Ok. So I have Windows Server 2008 virtual machine. In order to get vmware view server connection I need to setup a domain controller. (man this is getting expensive). 

 

 

What is wrong with Windows Remote Desktop? You can configure your router with a wake on lan magic packet or use some remote tools like logmein if you do not feel comfortable opening that port up. I would open a random high port and use that one for remote desktop on the other computer. That way you can go into your desktop to launch your VMs.

 

FYI MS has ported Windows Remote Desktop to Android too

  On 25/05/2015 at 22:19, Berserk87 said:

Ok. So I have Windows Server 2008 virtual machine. In order to get vmware view server connection I need to setup a domain controller. (man this is getting expensive). 

 

VMWare Horizon View is a Virtual Desktop Solution designed to deliver desktops to a user in a Corporate enviroment.  It is designed to use AD as part of the security.  It can be used at home or in a lab situation, but it is very expensive to do.

 

If you only want to use the Virtual Machine with a Thin Client, use RDP as sinetheo pointed out in the post above me.  Much cheaper and should be able to do done easily.

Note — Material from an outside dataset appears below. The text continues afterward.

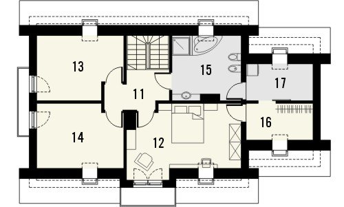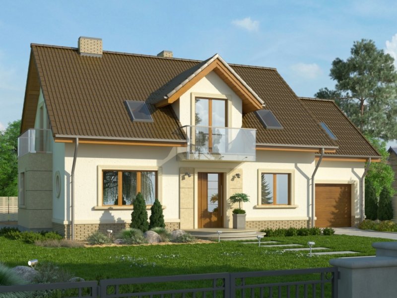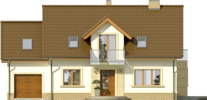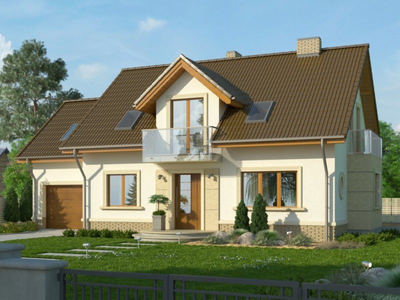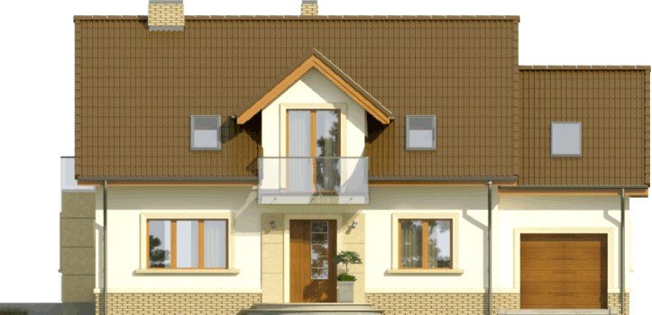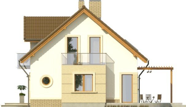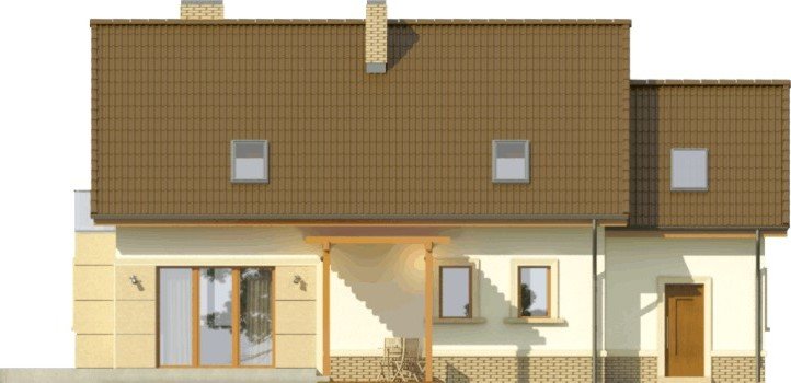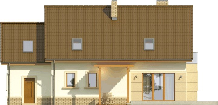 Propozycja klasycznego domu z dachem dwuspadowym z atrakcyjnym wykończeniem detali fasad. Wykusz, pola przy oknie tarasowym oraz wejściu mogą być obłożone okładziną kamienną.

For some reason I believe/believed that setting up the laptop as a thin client through vmware would give me better performance then running RDP. 

As ridiculous as this sounds what I wanted to try was using my laptop as a client to access a virtual machine to see if I could play higher end games on my old laptop. 

I've got a windows 2008 server setup as the active domain directory and I've installed vmware viewer on a seperate server and connected it to the domain.

Now I'm just trying to figure out the last few steps to get the viewer to connect to the server.

I can't seem to figure out these last few steps. I think i'm missing something. 

I have two windows 2008 servers running. One is for active domain directory. The other has vmware view server connection running and has that machine listed under available connections. 

On the thin client im putting in the ip address of the view server and it wont connect. 

/imanoob. 

Not sure why you are playing with this to be honest, are you really going to fork over cost of view?  Are you going to pay for AD?

 

To be honest if all you want to do is remote desktop from a laptop booting a min OS there are much easier FREE ways to do it..

 

http://thinstation.github.io/thinstation/

 

Is just 1 example..  LTSP would be another with rdesktop you could then be on any VM or physical machine to use..  This is much easier to setup and FREE.. Can even boot the laptop via pxe and get to what, that way no reason to not leave a OS on the laptop you could really use on is own, etc. etc..

 

https://help.ubuntu.com/community/UbuntuLTSP

  On 27/05/2015 at 11:40, BudMan said:

Not sure why you are playing with this to be honest, are you really going to fork over cost of view?  Are you going to pay for AD?

 

To be honest if all you want to do is remote desktop from a laptop booting a min OS there are much easier FREE ways to do it..

 

 

Mostly fun / curiosity. 

I would prefer free/simple software if its available. I just want to be able to connect my laptop to a virtual machine on my main PC and have it function as close to native as possible with good performance. 

Citrix isn't going to get you anywhere here, it's simply a layer over the top of RDP anyhow so you'll get the graphics of RDP but a bit slower because of Citrix being in there too.  If you want to remotely game on a laptop you'd be better off with something specifically designed for this - for example the Steam client does this out-of-the-box quite well.